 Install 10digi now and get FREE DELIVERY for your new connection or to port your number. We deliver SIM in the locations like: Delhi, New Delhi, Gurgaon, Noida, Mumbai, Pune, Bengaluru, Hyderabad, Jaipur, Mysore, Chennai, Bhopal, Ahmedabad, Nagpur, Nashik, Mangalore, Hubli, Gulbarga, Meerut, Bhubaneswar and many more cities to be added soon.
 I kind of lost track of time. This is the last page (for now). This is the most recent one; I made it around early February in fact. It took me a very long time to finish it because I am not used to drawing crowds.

* * *

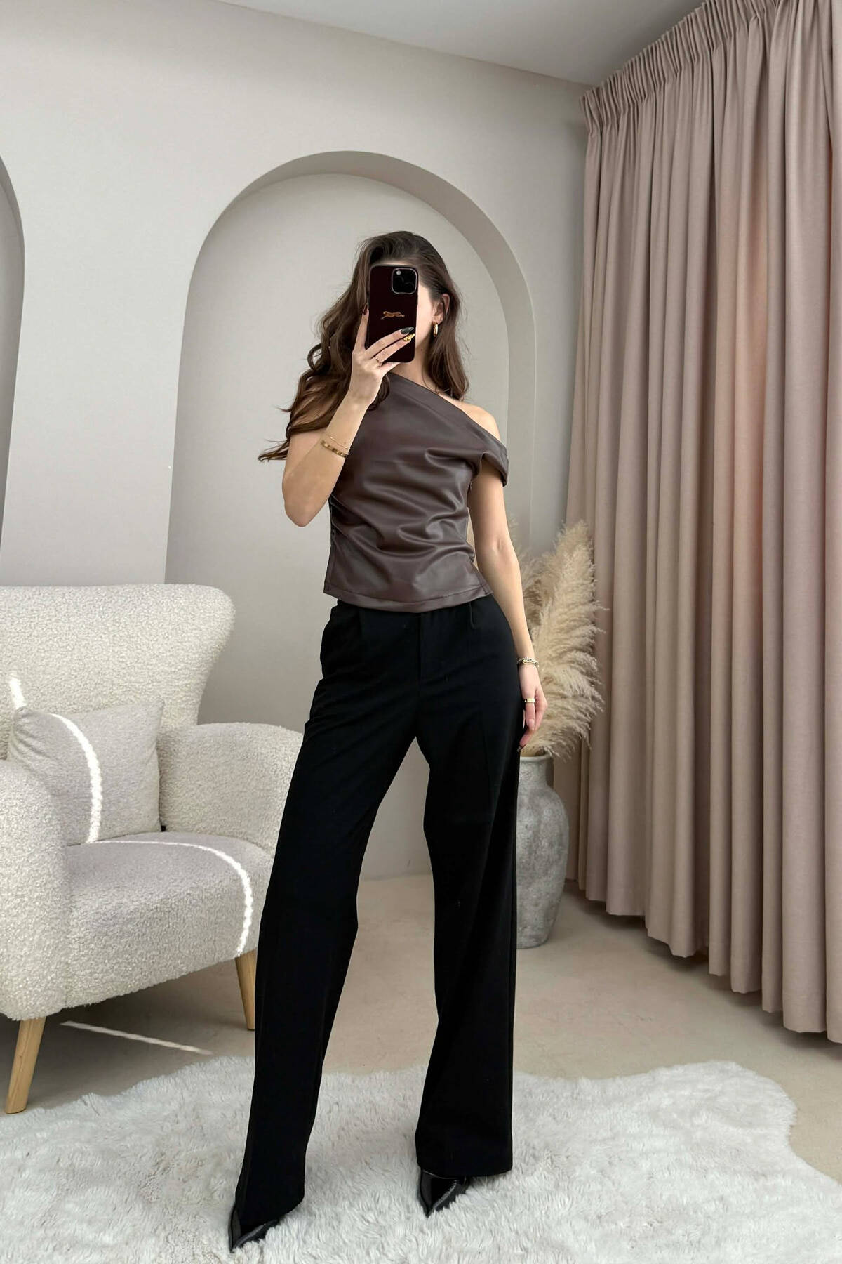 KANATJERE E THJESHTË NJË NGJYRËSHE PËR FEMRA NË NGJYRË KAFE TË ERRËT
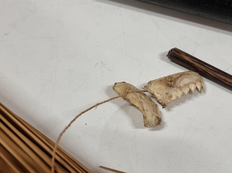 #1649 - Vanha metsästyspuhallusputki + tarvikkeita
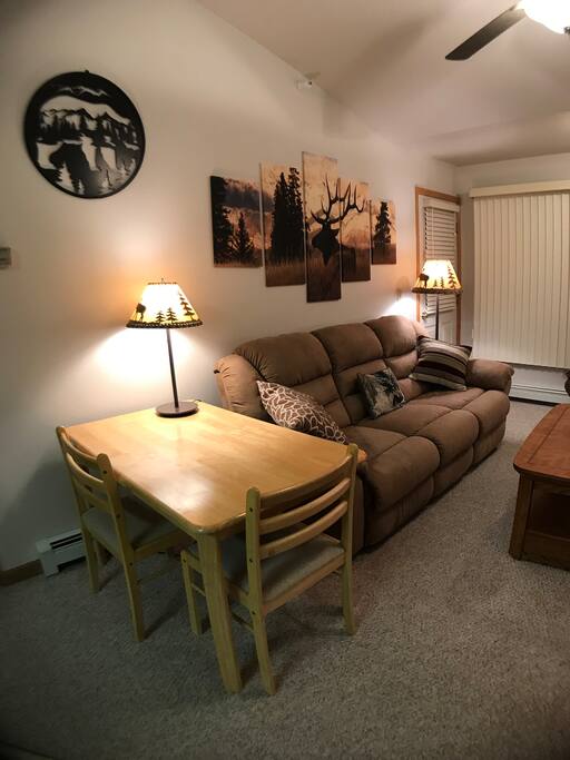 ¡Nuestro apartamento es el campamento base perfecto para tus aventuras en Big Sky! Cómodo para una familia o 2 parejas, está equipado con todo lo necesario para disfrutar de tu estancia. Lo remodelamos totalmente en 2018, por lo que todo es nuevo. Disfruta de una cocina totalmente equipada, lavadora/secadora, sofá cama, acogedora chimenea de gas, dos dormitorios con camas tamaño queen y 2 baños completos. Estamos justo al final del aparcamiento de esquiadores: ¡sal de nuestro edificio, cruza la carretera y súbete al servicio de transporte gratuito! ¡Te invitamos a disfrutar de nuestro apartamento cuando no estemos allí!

-- Exercise objective --
Repeat word for word the lines above that run from the line containing "Install 10digi now" through the line containing "I kind of lost", both ends included, and nothing else.

-- Response to the exercise --
 Install 10digi now and get FREE DELIVERY for your new connection or to port your number. We deliver SIM in the locations like: Delhi, New Delhi, Gurgaon, Noida, Mumbai, Pune, Bengaluru, Hyderabad, Jaipur, Mysore, Chennai, Bhopal, Ahmedabad, Nagpur, Nashik, Mangalore, Hubli, Gulbarga, Meerut, Bhubaneswar and many more cities to be added soon.
 I kind of lost track of time. This is the last page (for now). This is the most recent one; I made it around early February in fact. It took me a very long time to finish it because I am not used to drawing crowds.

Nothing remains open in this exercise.